居庸关外,漫天黄沙。
两支庞大的军队在关口前的官道上撞在了一起。旌旗蔽日,却透著一股子颓唐气。
左边是山东备倭兵,领头的是广宁伯刘安;右边是河南卫所军,带队的是个一脸络腮胡子的指挥使,叫马青。
“刘伯爷,您这也太慢了吧?”
马青勒住马,抹了一把脸上的土,语气里带着几分阴阳怪气:“这时候才到,怕是连皇上的热乎饭都赶不上了。还是说,您是在路上那是等著看看那边的动静?”
他指了指北京城的方向。
刘安眼皮跳了跳,没接这个茬。他心里确实有鬼。
孙太后的密信就揣在他怀里,信上说得含糊,什么“静观其变”,什么“保卫京师为重,切勿浪战”。那意思再明白不过了:皇帝要是死了,或者是被抓了,他们这两路兵就是太后手里的筹码,是用来立新君、稳朝局的。
所以这一路上,他是走两步退一步,比大姑娘上轿还磨蹭。
“马指挥使说笑了。
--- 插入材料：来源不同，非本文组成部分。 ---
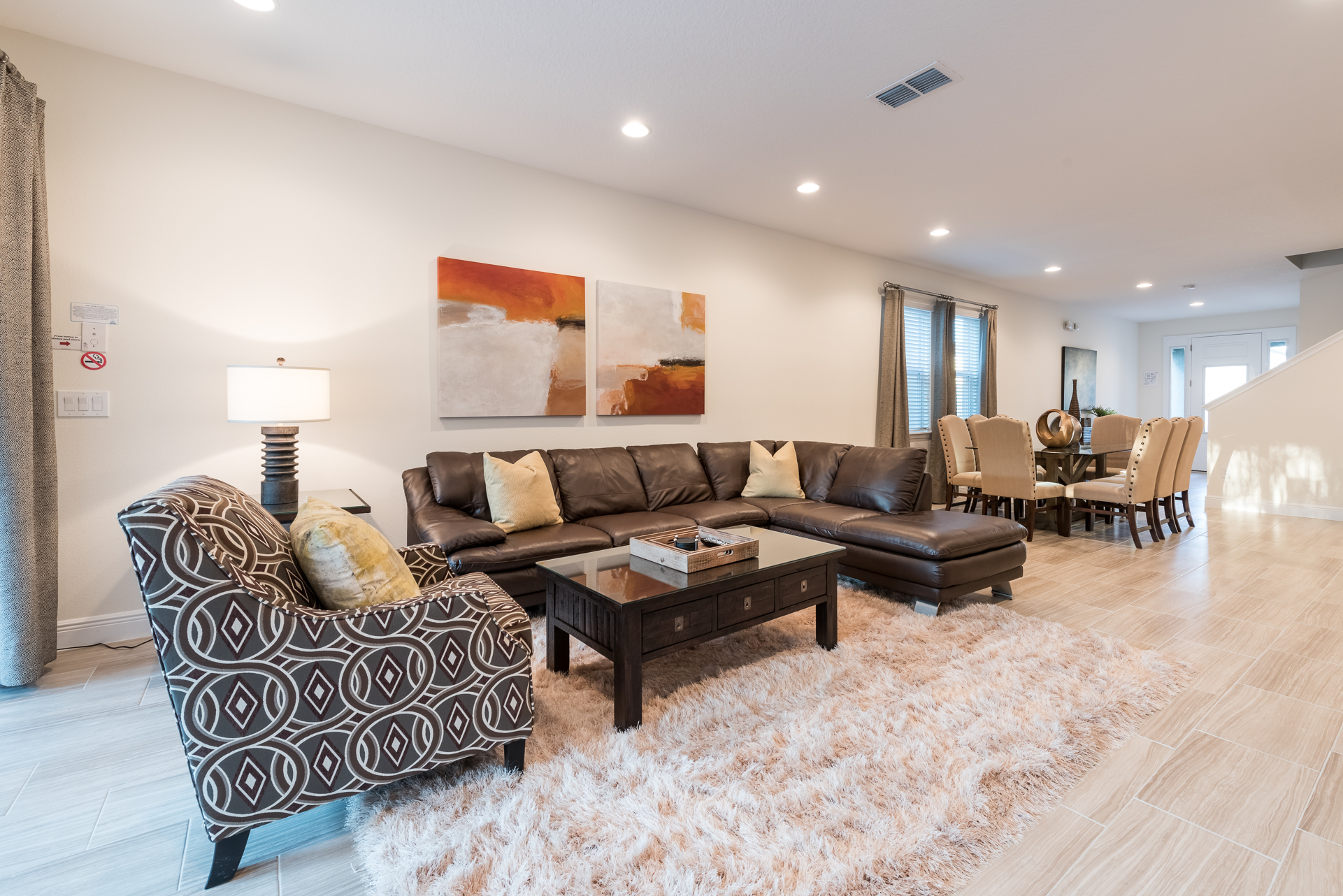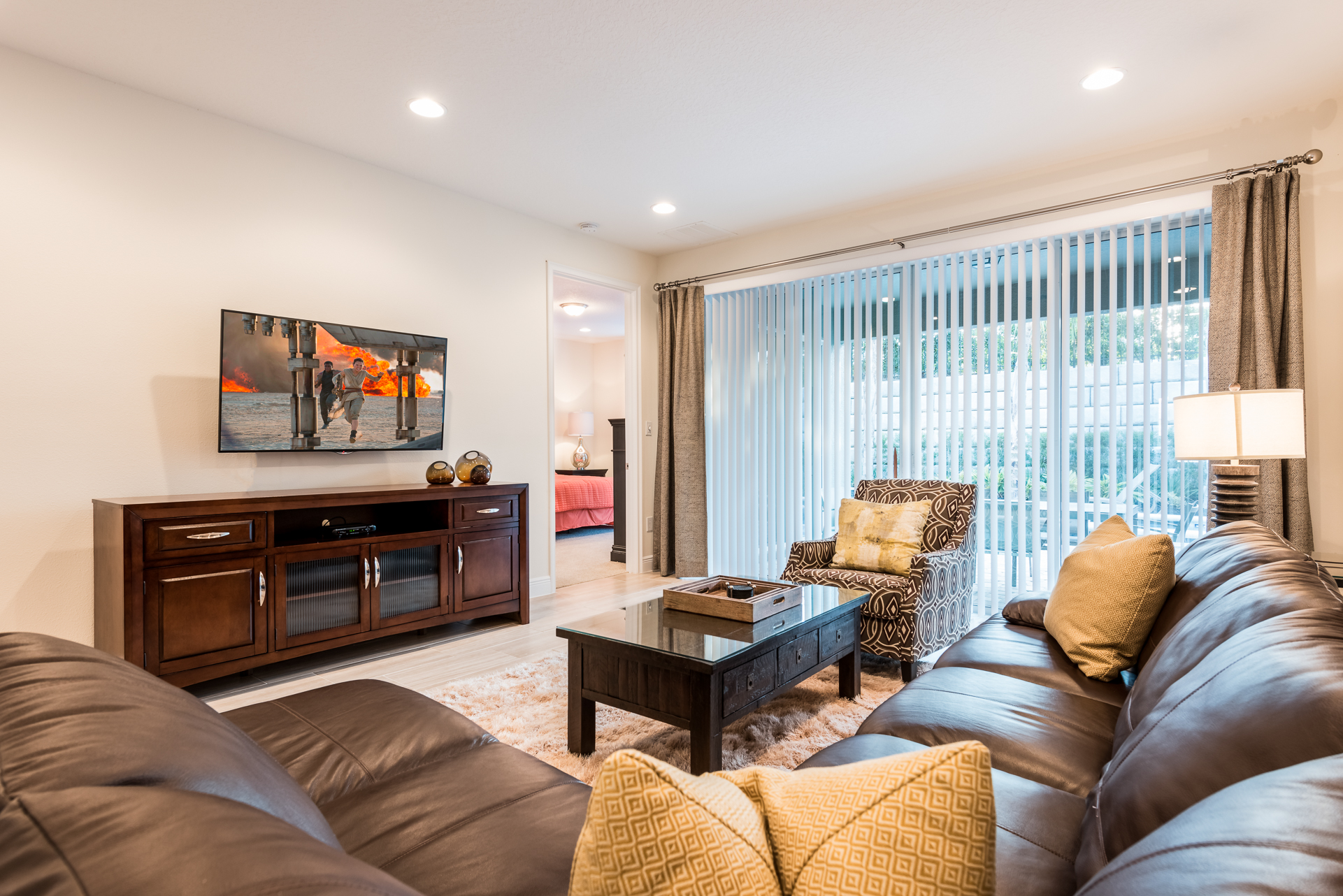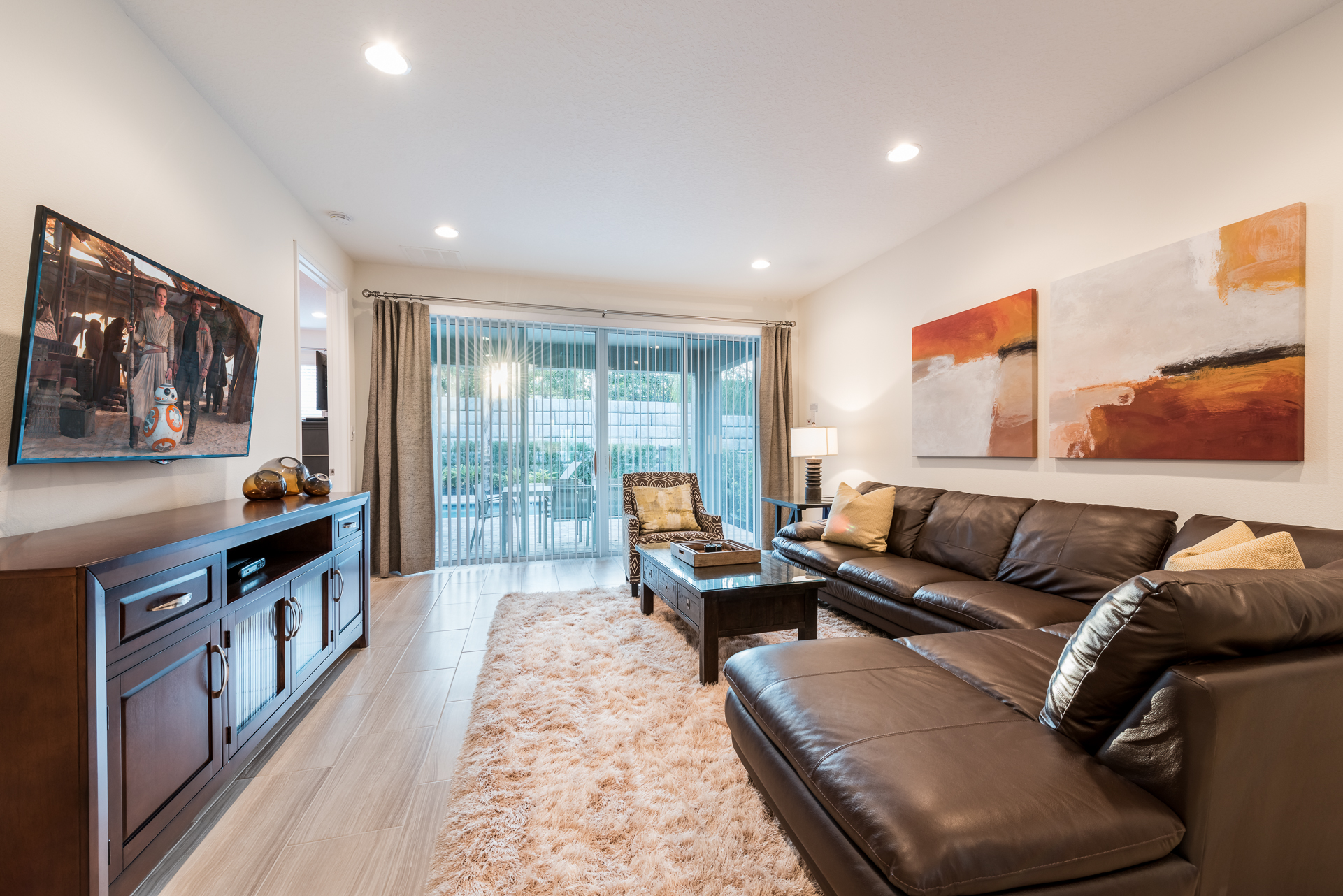 Spacious comfortable seating area with a leather sectional and an accent chair overlooking the private pool deck through sliding glass doors

”刘安打了个哈哈,一脸的正气凛然,“本爵是粮草未济,为了大军不饿肚子,这才耽搁了行程。倒是你,河南离得这么近,怎么也才到?”
两人对视一眼,都从对方眼里看到了那点不可言说的小九九。
大家都是老狐狸,谁也别嫌谁骚。
“行了,别扯淡了。”马青往地上啐了一口唾沫,“既然都到了,那就进关吧。反正去了京城也是守城墙,也就是换个地方睡觉。”
两军正要合流往关里挤。
突然。
“轰——!!”
一声炮响,从北边的岔路口炸开。
紧接着,一队衣甲鲜明、杀气腾腾的骑兵横插过来,硬生生挡住了去路。
为首一员大将,金盔金甲,胯下骑着一匹神俊的西域汗血马,手里提着一把明晃晃的尚方宝剑。他身后,立著一面崭新的大旗,上面绣著一个斗大的“石”字。
正是刚刚被封了武清侯的石亨。
“停下!”
石亨一声暴喝,声音洪亮如钟,震得刘安耳朵嗡嗡响。
“谁让你们进京的?!”
刘安眉头一皱,心里不爽。我是伯爵,你石亨以前不过是个大同败军之将,凭什么跟我咋呼?
“石亨?”刘安沉下脸,“本爵奉旨勤王,驰援京师。你拦路是个什么意思?难不成你要造反?”
“奉旨勤王?”
石亨像是听到了什么天大的笑话,仰天大笑,笑得眼泪都快出来了。他一笑,他身后的几百名亲兵也跟着笑,笑声里充满了不加掩饰的嘲讽。
“刘大人,马大人,你们这消息也太闭塞了吧?”
石亨止住笑,用一种看乡下土包子的眼神看着这两位封疆大吏:
“勤王?勤谁的王?”
“皇上都不在京城,你们去京城勤个鸟的王?给太后那个老娘们看大门吗?”
“放肆!”刘安大怒,“石亨,你敢侮辱太后!而且你说什么?皇上不在京城?”
石亨懒得跟他废话。
他从马鞍旁拿起一个沉甸甸的布袋子,猛地朝刘安扔了过去。
“接着!”
刘安下意识地伸手一接,手腕差点被砸脱臼。那袋子太沉了!
“打开看看。”石亨抱着肩膀,一脸的戏谑。
刘安狐疑地解开袋子口。
“哗啦——”
金光。
刺眼的金光。
袋子里装的不是别的,全是金灿灿的佛头、金镶玉的酒杯,还有一大把带着血迹的极品红宝石。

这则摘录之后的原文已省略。